- [Problem details] For this exercise, retype all the data exactly and exclude every image.

- [Supplied data]
------------------------------------------------

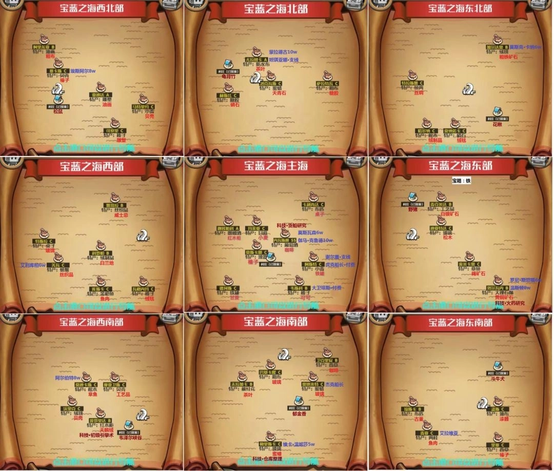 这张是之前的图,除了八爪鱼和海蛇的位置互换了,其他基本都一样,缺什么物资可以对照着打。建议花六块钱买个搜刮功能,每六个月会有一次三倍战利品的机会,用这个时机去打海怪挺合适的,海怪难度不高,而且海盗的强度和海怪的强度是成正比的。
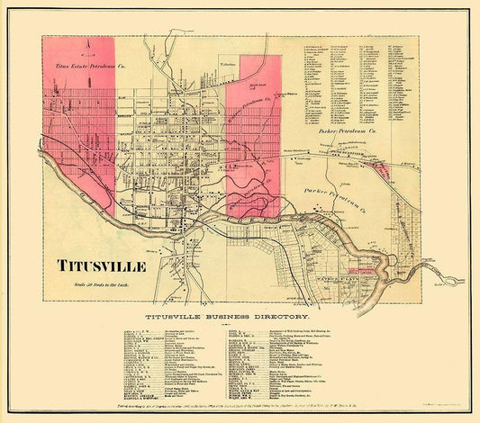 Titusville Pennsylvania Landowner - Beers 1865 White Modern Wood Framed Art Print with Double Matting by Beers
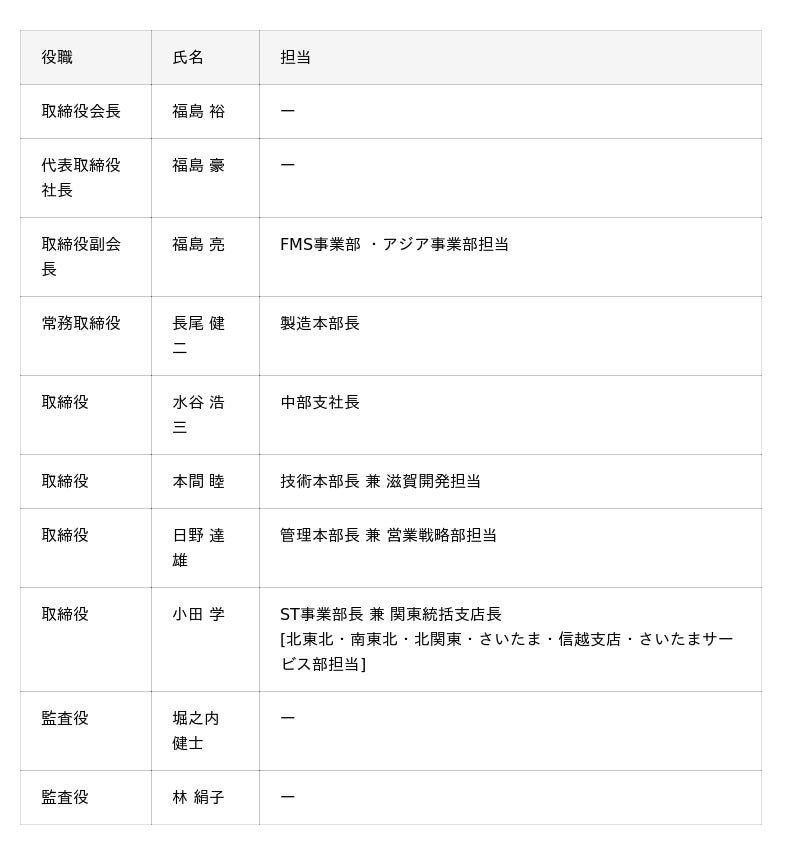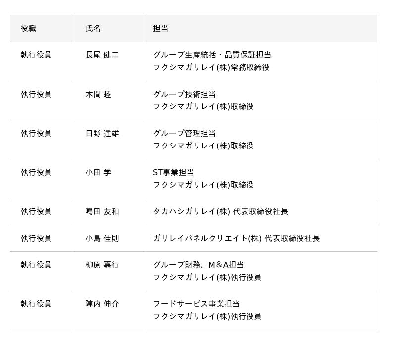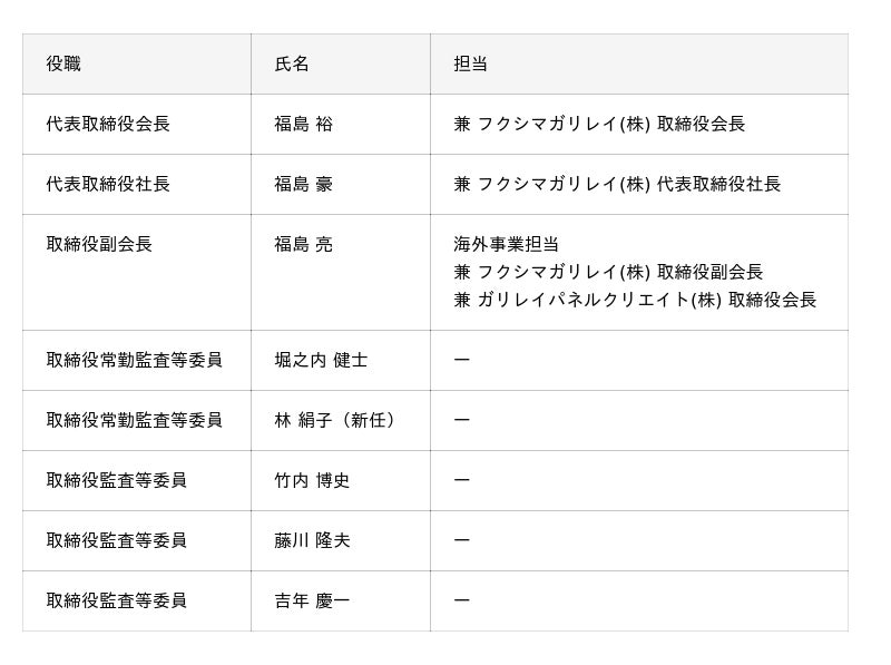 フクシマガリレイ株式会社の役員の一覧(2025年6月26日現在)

------------------------------------------------

- [Answer]
 这张是之前的图,除了八爪鱼和海蛇的位置互换了,其他基本都一样,缺什么物资可以对照着打。建议花六块钱买个搜刮功能,每六个月会有一次三倍战利品的机会,用这个时机去打海怪挺合适的,海怪难度不高,而且海盗的强度和海怪的强度是成正比的。
 Titusville Pennsylvania Landowner - Beers 1865 White Modern Wood Framed Art Print with Double Matting by Beers
 フクシマガリレイ株式会社の役員の一覧(2025年6月26日現在)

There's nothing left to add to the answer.